1. 1. A method for calculating DNB type critical heat flux density of a high-flux arc stack plate-shaped fuel assembly is characterized by comprising the following steps: step 1, establishing a high-flux arc pile plate-shaped fuel assembly coolant heat exchange channel geometric model and carrying out grid division to obtain a discretized calculation domain grid; step 2, establishing a gas-liquid two-phase flow control equation set based on an Euler-Euler two-fluid framework aiming at the established discretization calculation domain, and solving a coupling interphase action model and a Reynolds stress turbulence model to obtain phase field and flow field distribution under the current iteration step; step 3, calculating bubble diameter distribution and phase interface concentration by using a phase interface area density model based on a group balance equation based on the phase field and flow field distribution in the current iteration step; Step 4, based on near-wall flow field distribution, solving and obtaining a bubble detachment diameter, a buoyancy lifting diameter, detachment frequency and vaporization core density by adopting a bubble dynamics model based on force balance; Step 5, solving all heat flow components of wall boiling by adopting an improved wall heat flow distribution model based on the bubble characteristic parameters; step 6, calculating a boiling phase change quality source item by adopting a heat conduction-convection-turbulence linear superposition interphase heat transfer model based on the heat flow components and bubble diameter distribution of the wall boiling; Step 7, adding the boiling phase change mass source item, constructing a medium physical property model, setting boundary conditions, and solving two fluid equations to obtain the volume share, fluid velocity distribution, pressure distribution and temperature distribution of the gas-liquid two phases; step 8, supercooling boiling calculation is carried out by adopting a step-type loading heat flux method; and 9, determining the critical position and the critical heat flow density through the turning point of the boiling curve, the critical cavitation share and the volume fraction distribution of the large-diameter bubble group of the outlet section.

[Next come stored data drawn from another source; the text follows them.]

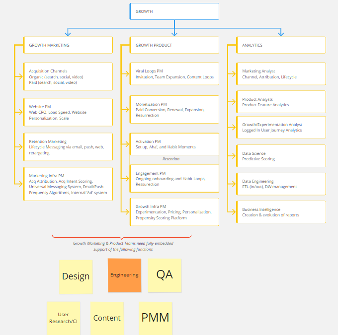 Growth teams are usually organized around the 3*3 matrix. For example, this is Elena Verna’s optimal growth org:
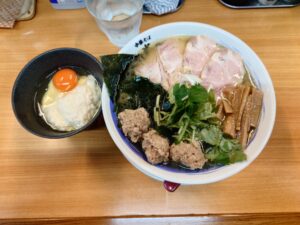 店主さんはちばき屋さん出身。その後神保町覆麺智及川店主に弟子入りされ外弟子になったそうで、神保町覆麺智さんや覆麺智で修業されて独立の東中野花木さんの会員カードも使用できるそうですよ。(会員カード提示でトッピングサービス有)
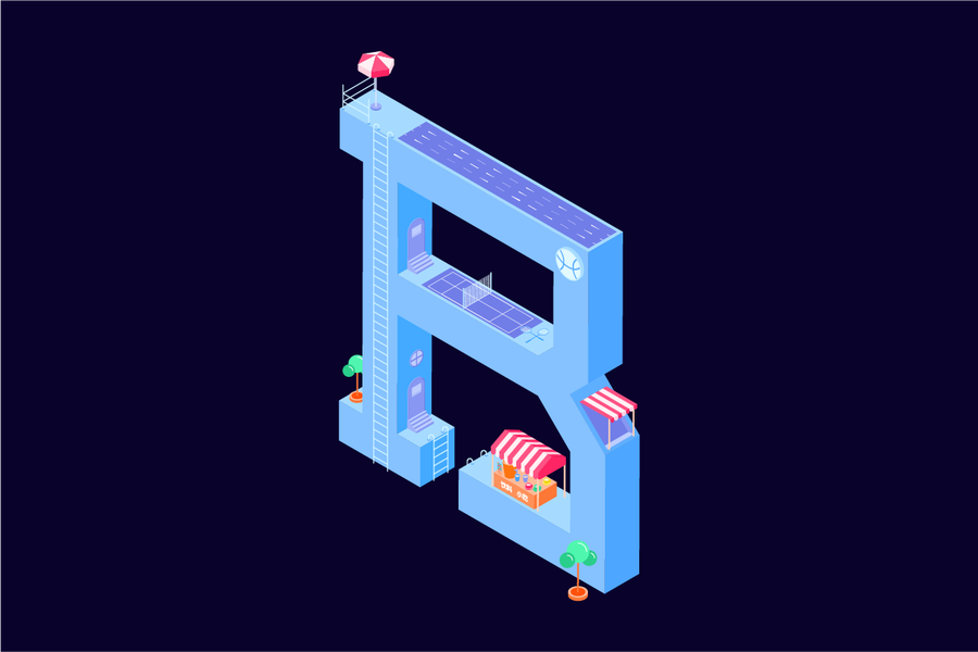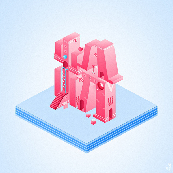 2.5D插画-618文字的线稿及上色(临摹作品)
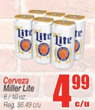Cerveza miller lite 6/10 oz.
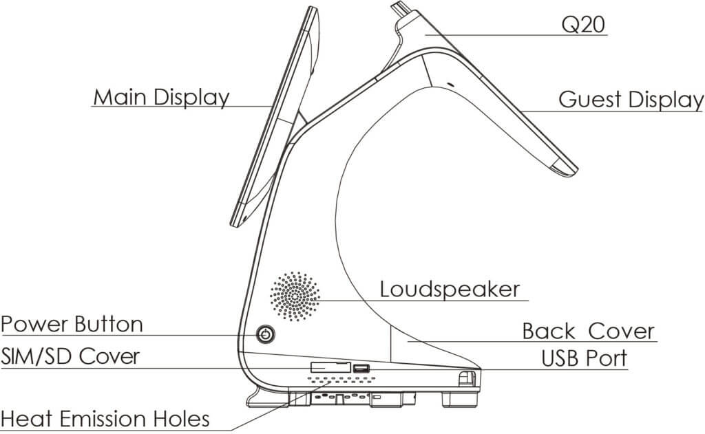 The Q20 on the consumer-facing side of the E800 includes a reader that can be used as a Magnetic Stripe, EMV, and NFC/Contactless card reader.
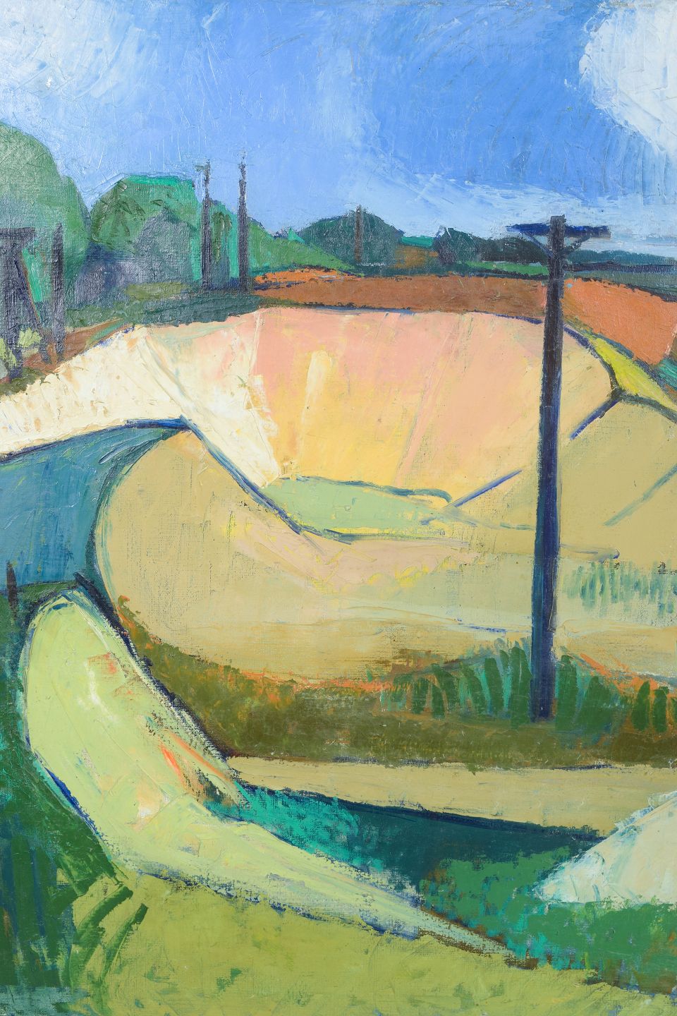 Colourful landscape composition executed in an early modernist style with soft, organic forms and simplified planes. The composition reflects a lyrical interpretation of nature, with fields, hills, and telegraph poles rendered in a decorative and semi-abstract manner. Executed in oil on canvas, unsigned.
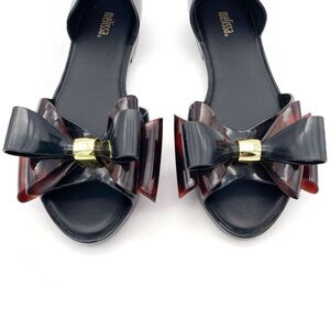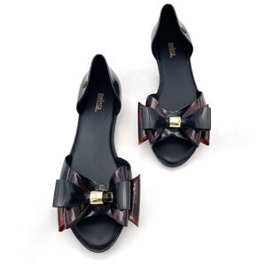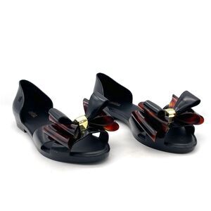 Melissa Seduction Bow Jelly Flats Black Tortoise Melflex Sandals Women’s Size 5
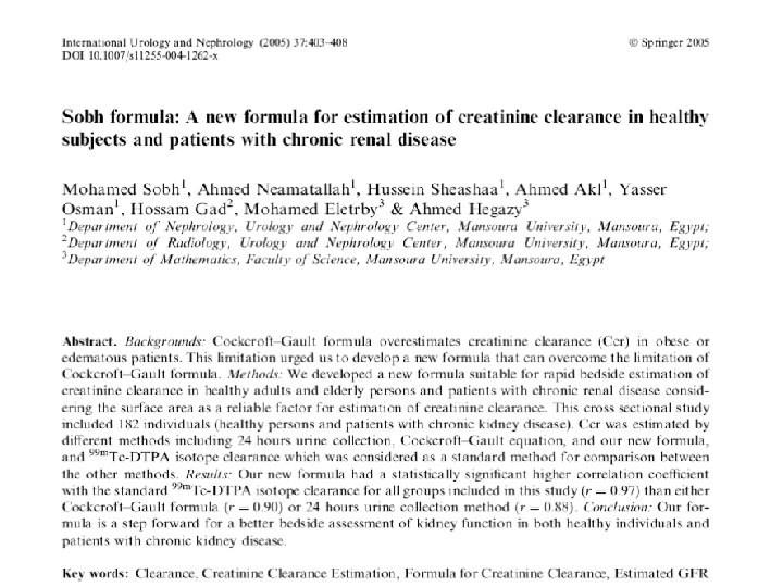 Limitações das Equações • High prevalence of stage 3 chronic kidney disease in older adults despite normal serum creatinine. Duru OK, Vargas RB, Kermah D, Nissenson AR, Norris KC. Division of General Internal Medicine, University of California, Los Angeles, CA 90095, USA. kduru@mednet. ucla. edu BACKGROUND: Serum creatinine is commonly used to diagnose chronic kidney disease (CKD), but may underestimate CKD in older adults when compared with using glomerular filtration rates (e. GFR). The magnitude of this underestimation is not clearly defined. OBJECTIVE: Using the Modification of Diet in Renal Disease (MDRD) equation, to describe both the prevalence and the magnitude of underestimation of stage 3 CKD (GFR 30 -59 ml/min/1. 73 m(2)), as well as ideal serum creatinine cutoff values to diagnose stage 3 CKD among Americans > or =65 years of age. DESIGN: Cross-sectional. PARTICIPANTS: A total of 3, 406 participants > or =65 years of age from the 1999 -2004 National Health and Nutrition Examination Surveys (NHANES). MEASUREMENTS: Serum creatinine levels were used to determine e. GFR from the MDRD equation. Information on clinical conditions was self-reported. RESULTS: Overall, 36. 1% of older adults in the US have stage 3 or greater CKD as defined by e. GFR values. Among older adults with stage 3 CKD, 80. 6% had creatinine values < or =1. 5 mg/dl, and 38. 6% had creatinine values < or =1. 2 mg/dl. Optimal cutoff values for serum creatinine in the diagnosis of stage 3 CKD in older adults were > or =1. 3 mg/dl for men and > or =1. 0 mg/dl for women, regardless of the presence or absence of hypertension, diabetes, or congestive heart failure. CONCLUSION: Use of serum creatinine underestimates the presence of advanced (stage 3 or greater) CKD among older adults in the US. Automated e. GFR reporting may improve the accuracy of risk stratification for older adults with CKD. Rule et al. Using serum creatinine to estimate glomerular filtration rate: accuracy in good health and in chronic kidney disease. Ann Intern Med 2004; 141: 929 -37.
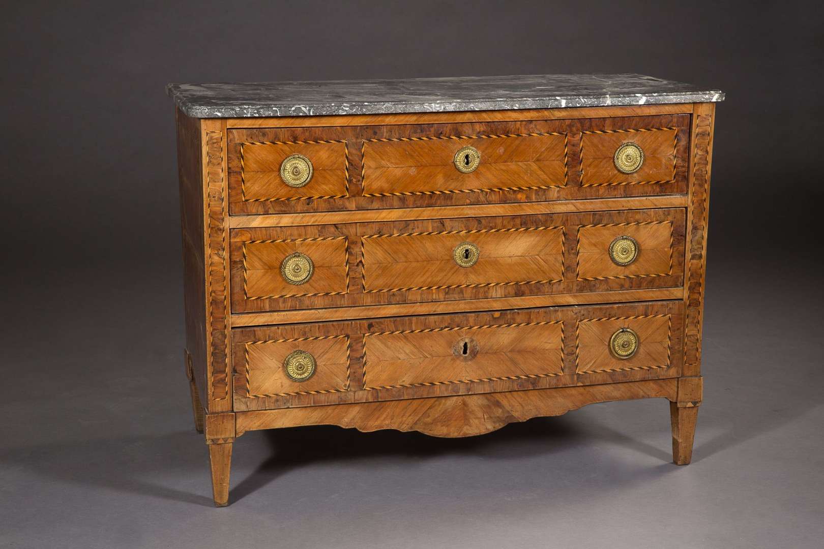 ouvrant en façade par trois tiroirs, placage en frisage en aile de papillons dans des encadrements en marqueterie de filets de bois alternés.
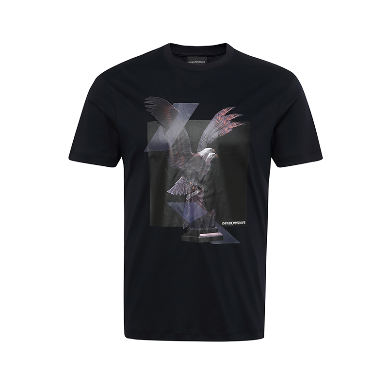 Emporio Armani/阿玛尼男士短袖黑色T恤小清新男体恤衫正品奢侈品
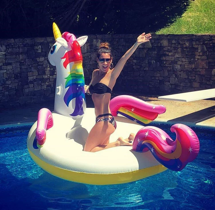 Feature 9Giant Inflatable Flamingo Unicorn Pool Floats with Flitters inside
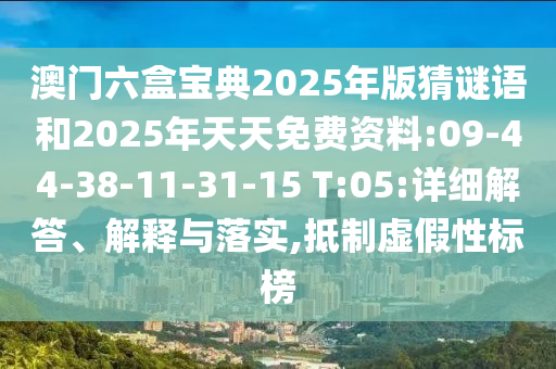 澳門六盒寶典2025年版猜謎語和2025年天天免費(fèi)資料:09-44-38-11-31-15 T:05:詳細(xì)解答、解釋與落實(shí),抵制虛假性標(biāo)榜
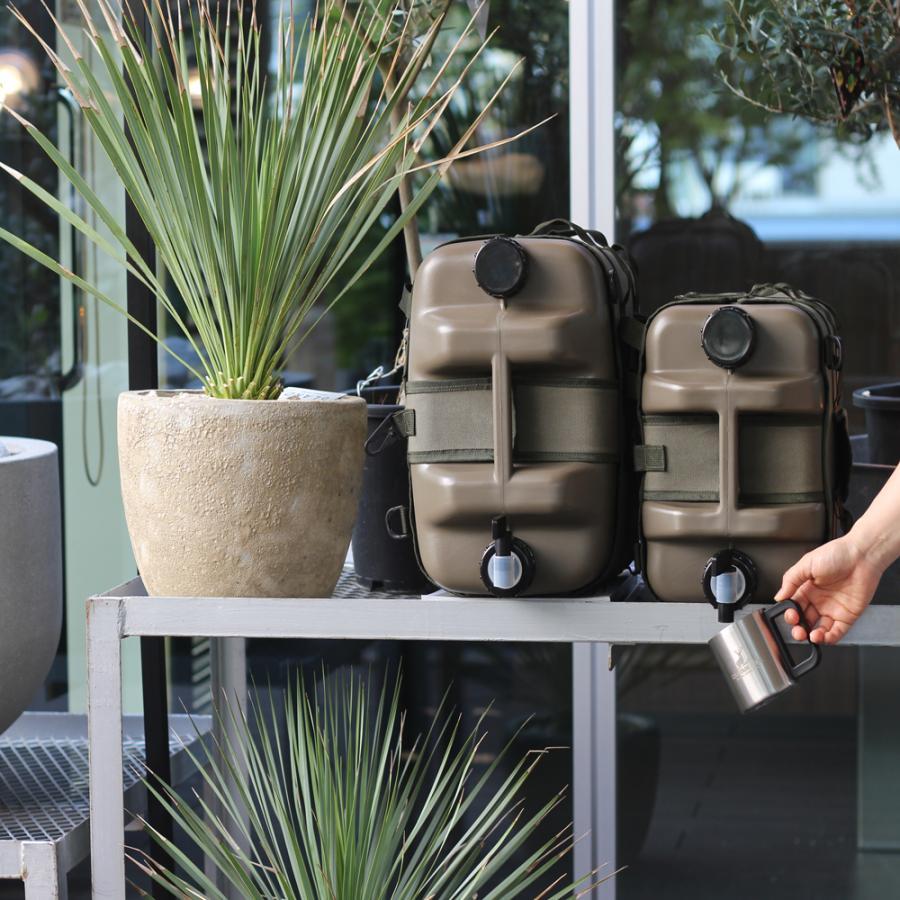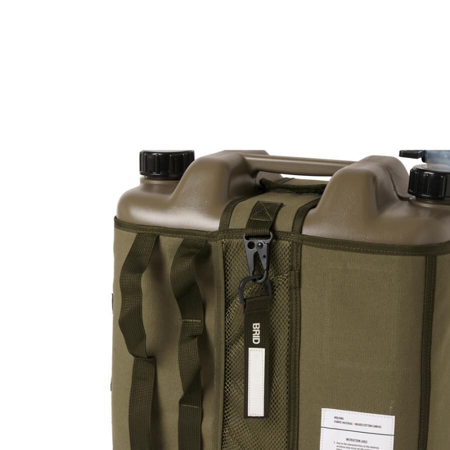 ワックスコットン生地のオリジナルカバーを取り付けたウォータータンク。
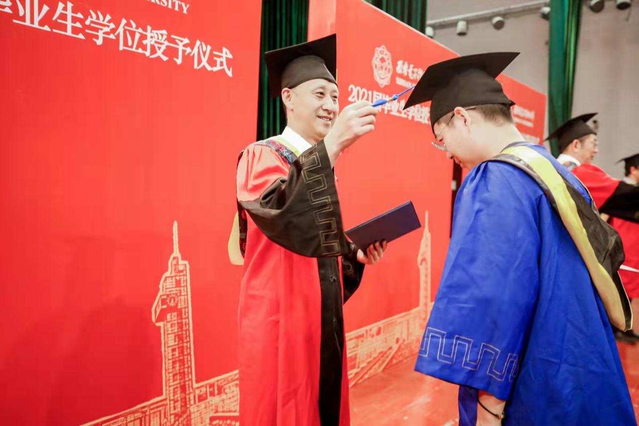 伴随着激扬、欢快的背景音乐,毕业生们排着整齐的队列,依次上台,授位嘉宾一一为同学们拨穗、授位。与会领导老师、全体毕业生和部分员工家长共同见证了这一激动人心的时刻。
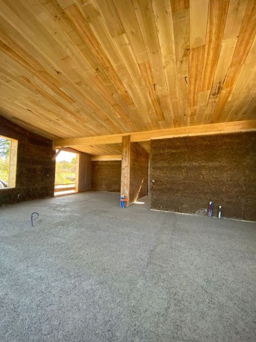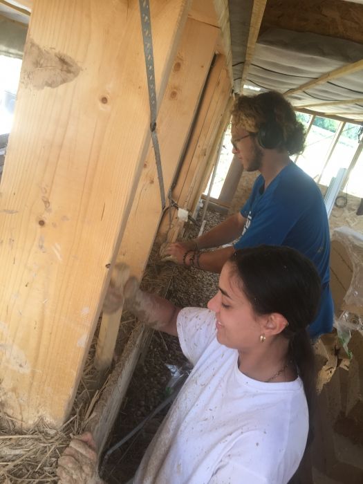 Nous avons réalisé les fondations cyclopéennes et allons poser la structure bois en mai. en suivant nous réaliserons les murs en terre allégée avant de les recouvrir d'un enduit terre.

2. 2. The method for calculating DNB type critical heat flux density of high-flux arc stack plate-shaped fuel assemblies according to claim 1 is characterized in that step 1 is specifically that the typical arc-shaped narrow slit runner structure size is determined for a reactor core 3-layer fuel zone total 5-type fuel assembly, geometric structure parameters comprise the curvature radius, the length of an active area and the center angle of a fan ring of the arc-shaped narrow slit runner, fluid development sections serving as an inlet runner and an outlet runner are respectively added at two ends of the narrow arc-shaped flow channel, the length of the fluid development sections is larger than 30 times of the hydraulic diameter, and the fluid development sections are divided by adopting a structured hexahedral grid, so that a discrete calculation domain for numerical calculation is obtained.
3. 3. The method for calculating DNB type critical heat flux density of high-flux arc stack plate-shaped fuel assemblies according to claim 1, wherein in the step 2, for the established discretization calculation domain, a gas-liquid two-phase flow mass conservation, momentum conservation and energy conservation control equation set is established based on Euler-Euler two-fluid frames, an inter-phase action model is introduced to solve an inter-phase momentum transport equation, and a Reynolds stress turbulence model is adopted to simulate high-flux stack coolant flow characteristics of a high flow rate, a narrow flow channel and a secondary flow, so that phase field and flow field distribution under the current iteration step including local steam content, a speed field and liquid phase turbulence energy dissipation rate are obtained.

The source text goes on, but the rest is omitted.